SimpleHttpOperator for API calls in Apache Airflow - Time & Space Complexity
When using SimpleHttpOperator in Airflow, it's important to understand how the time to complete tasks grows as we make more API calls.
We want to know how the number of API requests affects the total execution time.
Analyze the time complexity of the following Airflow DAG snippet using SimpleHttpOperator.
from airflow import DAG
from airflow.providers.http.operators.http import SimpleHttpOperator
from datetime import datetime
default_args = {'start_date': datetime(2024, 1, 1)}
dag = DAG('api_call_dag', default_args=default_args, schedule_interval='@daily')
tasks = []
for i in range(5):
task = SimpleHttpOperator(
task_id=f'call_api_{i}',
method='GET',
http_conn_id='my_api',
endpoint=f'/data/{i}',
dag=dag
)
tasks.append(task)
if tasks:
for i in range(1, len(tasks)):
tasks[i-1] >> tasks[i]
This code creates 5 tasks that each make one API GET request to different endpoints.
Identify the loops, recursion, array traversals that repeat.
- Primary operation: Each SimpleHttpOperator task makes one HTTP GET request.
- How many times: The loop runs 5 times, creating 5 separate API calls.
As the number of API calls increases, the total execution time grows roughly in direct proportion.
| Input Size (n) | Approx.

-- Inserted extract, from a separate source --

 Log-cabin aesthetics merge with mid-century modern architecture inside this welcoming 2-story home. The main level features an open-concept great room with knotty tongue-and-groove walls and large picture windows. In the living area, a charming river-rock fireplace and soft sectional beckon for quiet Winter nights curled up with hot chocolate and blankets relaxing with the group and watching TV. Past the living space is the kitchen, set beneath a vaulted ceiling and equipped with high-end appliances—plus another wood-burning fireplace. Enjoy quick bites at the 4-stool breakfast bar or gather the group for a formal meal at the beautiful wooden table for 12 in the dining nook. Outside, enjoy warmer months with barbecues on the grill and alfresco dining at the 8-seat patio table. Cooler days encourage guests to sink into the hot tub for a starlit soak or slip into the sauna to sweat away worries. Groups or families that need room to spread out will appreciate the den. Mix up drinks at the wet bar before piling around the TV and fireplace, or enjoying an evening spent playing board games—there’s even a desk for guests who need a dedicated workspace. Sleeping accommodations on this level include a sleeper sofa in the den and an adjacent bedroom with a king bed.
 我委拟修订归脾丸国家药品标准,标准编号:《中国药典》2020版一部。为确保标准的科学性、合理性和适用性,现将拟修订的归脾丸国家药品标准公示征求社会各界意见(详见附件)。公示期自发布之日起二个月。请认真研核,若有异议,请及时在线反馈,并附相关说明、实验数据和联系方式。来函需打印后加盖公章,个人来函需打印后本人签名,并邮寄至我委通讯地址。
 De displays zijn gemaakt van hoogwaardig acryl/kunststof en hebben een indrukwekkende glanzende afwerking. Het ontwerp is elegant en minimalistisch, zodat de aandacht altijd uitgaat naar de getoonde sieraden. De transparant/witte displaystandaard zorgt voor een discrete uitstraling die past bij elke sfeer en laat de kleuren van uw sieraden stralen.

Operations |
|---|---|
| 10 | 10 API calls |
| 100 | 100 API calls |
| 1000 | 1000 API calls |
Pattern observation: Doubling the number of API calls roughly doubles the total work done.
Time Complexity: O(n)
This means the total time grows linearly with the number of API calls made.

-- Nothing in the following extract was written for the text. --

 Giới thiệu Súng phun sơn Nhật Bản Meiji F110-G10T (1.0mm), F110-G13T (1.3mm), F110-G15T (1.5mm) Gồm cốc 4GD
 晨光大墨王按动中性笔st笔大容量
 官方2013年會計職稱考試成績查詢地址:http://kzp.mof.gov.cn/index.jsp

[X] Wrong: "Adding more API calls won't affect total execution time much because they run fast."
[OK] Correct: Each API call takes time, so more calls add up and increase total execution time linearly.
Understanding how task count affects execution time helps you design efficient workflows and estimate runtimes in real projects.
What if we changed the tasks to run in parallel instead of sequentially? How would the time complexity change?